Battles and Commanders ·
About
Battles and Commanders is a Wikipedia scraper and API that serves historical battles, commanders
and their factions. You can try the API and read its documentation here.
This project is still work in progress. Also, consider that scrapers are brittle: they are
subject to the webpage's HTML structure updates, and if Wikipedia decides to alter its HTML, this
scraper may stop working if not properly updated.
Setup
Development
For both the scraper and the API, settings may be changed by editing the file in config/config.yaml
,
but I see no reason to change their current values.
Scraper
$ go run cmd/scraper/main.go
After a successful run, the file data.json
should have been created at the root dir of this
project, containing normalized battles, factions and commanders.
API
-
Make sure you have a Postgres instance running.
-
Turn on the API on port 3000:
$ go run cmd/api/main.go
-
If you have not yet, then you will need to also run the seeder. The seeder can setup the database
by either reading from local files or from remote files whose URLs have been supplied:
$ go run cmd/seeder/main.go -dataURL="https://bit.ly/3dOeqyZ"
If you already ran the scraper and the data.json
file is available in the root dir of the
project, then the dataURL
option is unnecessary.
Running via Docker
# Start database and app server via docker-compose
$ docker-compose up -d
# Additionally, seeders should be ran
$ docker exec api ./seeder -dataURL="https://bit.ly/3dOeqyZ"
# Stop docker containers:
$ docker-compose stop
Now the api should be available on port 3000 of your machine.
Installing for use with your own Go projects
Some of the functionality used by both the scraper and the API is publicly available for use outside
this project, inside the pkg
dir.
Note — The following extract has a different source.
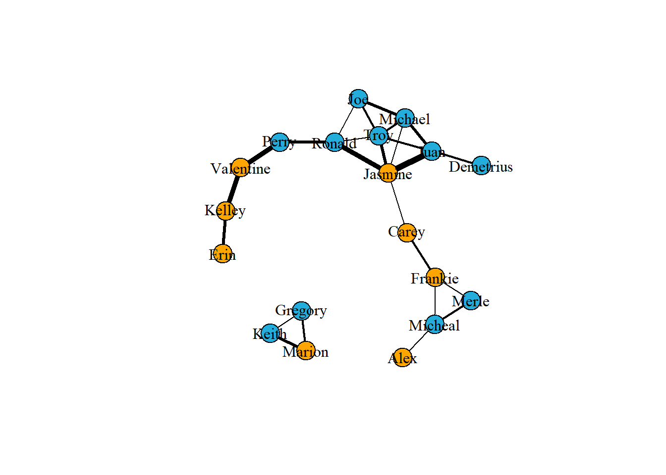paste("This graph tells me that boys prefer to make friends and their relationship graph is more aggregated")## [1] "This graph tells me that boys prefer to make friends and their relationship graph is more aggregated"
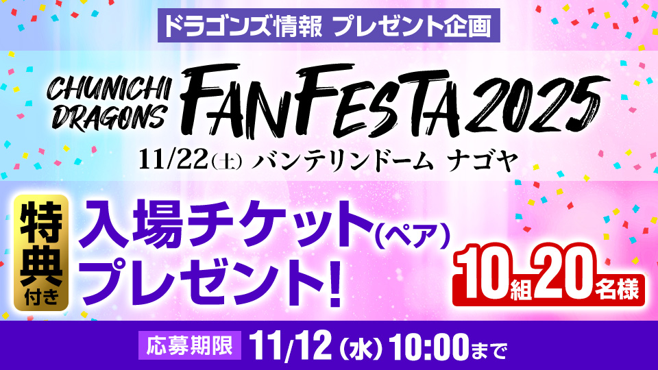 今回のプレゼントは中日ドラゴンズファンフェスタ2025の特典付きペアチケットです!!

To install, simply run:
$ go get github.com/sasalatart/batcoms
Some usage examples include:
-
Scraping a list of potential battles (names and urls only, false positives may be included):
package main
import (
"github.com/sasalatart/batcoms/pkg/logger"
"github.com/sasalatart/batcoms/pkg/scraper/list"
)
func main() {
loggerService := logger.NewDiscard() // Or anything that implements logger.Interface
potentialBattles := list.Scrape(loggerService)
}
-
Scraping specific battles:
package main
import (
"github.com/sasalatart/batcoms/pkg/logger"
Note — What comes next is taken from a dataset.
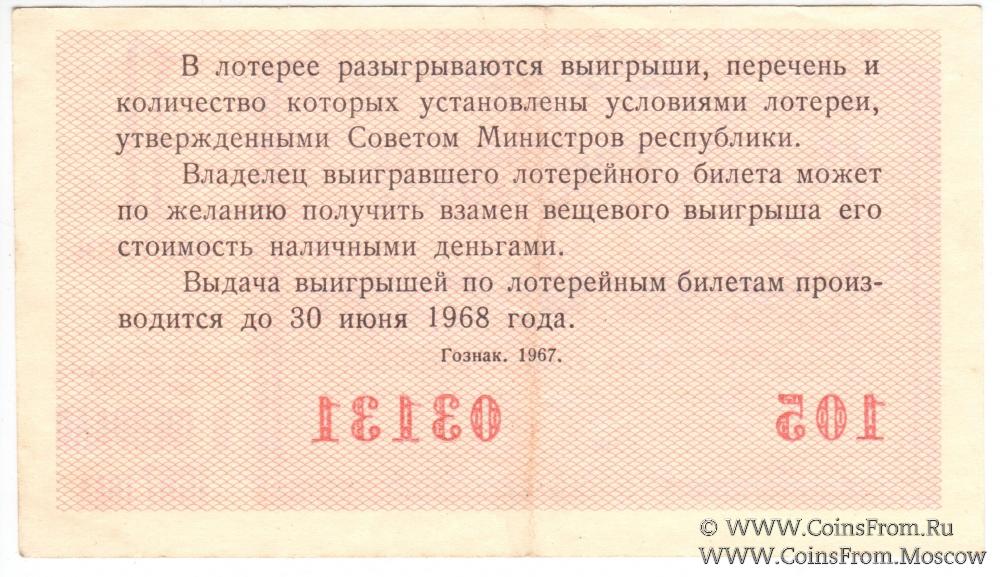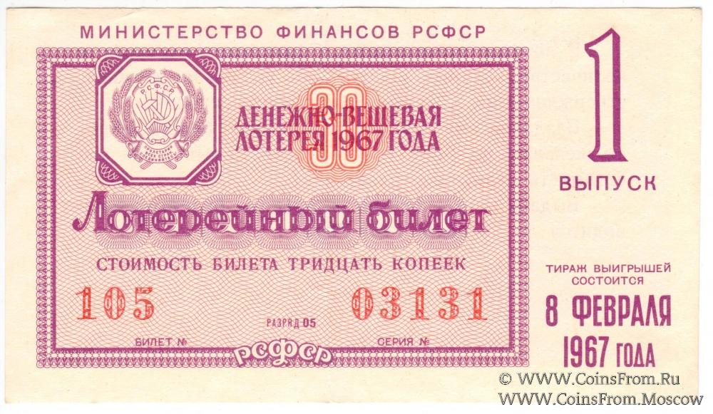 Лотерейный билет. Выпуск 1. Денежно-вещевая лотерея 1967 г.

"github.com/sasalatart/batcoms/pkg/scraper/battles"
)
func main() {
loggerService := logger.NewDiscard() // Or anything that implements logger.Interface
scraperService := battles.NewScraper(loggerService)
austerlitz, err := scraperService.ScrapeOne("https://en.wikipedia.org/wiki/Battle_of_Austerlitz")
// Handle error and optionally do something with normalized Battle of Austerlitz...
actium, err := scraperService.ScrapeOne("https://en.wikipedia.org/wiki/Battle_of_Actium")
// Handle error and optionally do something with normalized Battle of Actium...
// Each battle contains normalized data (ids of factions and commanders), so we export everything
data := scraperService.Data()
// Do something with data.BattlesByID, data.FactionsByID and/or data.CommandersByID...
}
-
Cleaning scraped text:
package main
import "github.com/sasalatart/batcoms/pkg/strclean"
func main() {
input := "Soviet victory:[1]\n\nDestruction of the German 6th Army"
output := strclean.Apply(input) // "Soviet victory: Destruction of the German 6th Army"
}
-
Parsing Wikipedia's Info Box date text (accuracy improvements are still WIP...):
package main
import "github.com/sasalatart/batcoms/pkg/dates"
func main() {
d1 := "January-March 309 B.C."
parsed1, err := dates.Parse(d1)
// []dates.Historic{
// dates.Historic{ Year: 309, Month: 1, Day: 0, IsBCE: true },
// dates.Historic{ Year: 309, Month: 3, Day: 0, IsBCE: true },
// }
// Handle error and do something with parsed1...
d2 := "July 6, 1950; 69 years ago (1950-07-06)"
parsed2, err := dates.Parse(d2)
// []dates.Historic{dates.Historic{ Year: 1950, Month: 7, Day: 6, IsBCE: false }}
// Handle error and do something with parsed2...
}
Testing
Unit & integration tests have been included. In order to run the integration tests properly, the API
must be running in test
mode, and Postgres should also be running. Tests can be ran as follows:
# Shell 1: Turn on the API in test mode
$ go run cmd/api/main.go -test
# Shell 2: Run the actual tests
$ go test ./...
Credits
Special thanks to Wikipedia and the content-creators that have provided the historical
data served and scraped by this app, and which are licensed as Creative Commons
Attribution-ShareAlike 3.0 Unported License.
License
Copyright (c) 2020, Sebastián Salata Ruiz-Tagle
Battles and Commanders is MIT licensed.